Working from home can be an isolating experience. Especially if you are shy and bad at making friends like someone I know. So for a while now, I’ve turned to the Internet for “help.”
When I got engaged, I found gazillions of blogs dedicated to wedding planning, dozens of which I followed faithfully. After I got married, I turned to the blog world again for advice on wifehood and nesting. So when I had the Big Realization that I am now a Doctor’s Wife and finally acknowledged the implications of that life change, I started looking for blogs that could help me through it.
Slim pickings, my friend. At least so far.
But what I did come across was something I hadn’t really thought about (see my first post about being a total idiot and thinking life would never change) – which was the stereotype related to being a doctor’s wife.

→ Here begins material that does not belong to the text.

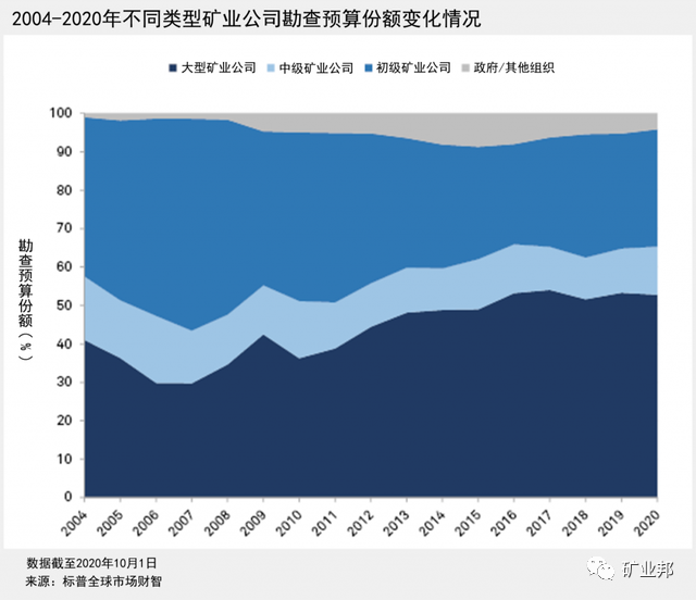 所有類型的公司都在逐年減少草根勘探的預算,而初級和中級礦業(yè)公司都增加了近礦工作的預算。

I get it, stereotypes exist and they’re not going anywhere. Putting people into neat little boxes of “You Are the Same” can be a big help as you navigate life. (Accepting the fact that Freshly Cleaned Apartments Will Not Actually Be Clean When You Move Into Them is one such helpful stereotype. It made me pack the vacuum cleaner and the bleach spray last in the moving truck, so that I could unload them first and give the place a thorough cleaning before we moved all our stuff inside. Plus, it prevented me from fainting dead away when I saw someone else’s hairs PAINTED into the baseboards of the bathroom.)
But if you discover anything useful as you get older, I think that Stereotypes Are Not Always Right is right up there with Flossing Really IS Important.
But I was a little surprised to discover that being a doctor’s wife comes with its own set of stereotypes. I guess I never encountered those stereotypes growing up, since my mom is a doctor’s wife. Or maybe I let them slide in one ear and out the other because they didn’t fit my own experience.
Anyway, it seems that doctor’s wives are supposed to be snotty, snooty, high-society types who don’t work and instead spend all day heading up charities or shopping at Gucci or directing the household help to wash the dishes. At night, they get all gussied up in their Valentino gowns and play the gracious hostess at fancy dinner parties or schmooze the other doctors at fancy galas.
Then there’s the other stereotype. (Talk about a 180 from stereotype #1.) Apparently, from my very extensive perusal of the Interwebs, doctor’s wives are also supposed to be frazzled moms who can’t control the household on their own, who resent their husbands and their jobs and the hospital and the patients, and who wind up losing their husbands to some big-knockered nurse who tends to him at the hospital.
Wow. Sounds like fun.
Now, in my real life experience, neither of these stereotypes is true.
But what freaks me out? Is that I can understand why they WOULD or COULD be true.
First of all, if you’re lucky enough to be wealthy (Note: Not all doctors are wealthy. Certainly not first-year residents.) you probably do have the luxury of not working if you so choose, and perhaps spending your days ordering “fall jewelry” at Cartier or getting massages at the spa. I don’t see a problem with that at all. And if you’ve got a gala event to attend, OF COURSE you need an amazing ballgown to wear. Plus, sometimes people who have less just assume that you’re snotty… or would prefer to believe that you’re snotty than admit to being envious.
Then there’s Stereotype #2…
My parents raised me to be independent. For the most part, this is true. I can spend time alone, I can entertain myself, and I can pursue my own interests. My happiness isn’t dependent on my husband.
But still… I adore my husband. I love spending time with him. And I do get lonely – more often than I like to admit. So I could definitely see the potential for resenting the thing that takes him away from me.
Plus, consider me the top candidate for Frazzled Housewife. Internet, I am NOT neat. Clean, yes. But sloppy as all get out. (Which explains all the boxes even though we’ve been living in our new place for over a week now.)
And – while this makes me feel a little vulnerable and silly and pathetic to admit – I do worry a little bit about the nurse thing. Not that my husband would ever cheat on me. He is a good and loving husband, and I truly believe that he would never do something like that. Nonetheless, I know that working closely with someone can create Deep Feelings. And even the kindest, most loving husbands can be affected by that.
The fact is, being a doctor’s wife brings up worries that I am not quite sure how to handle.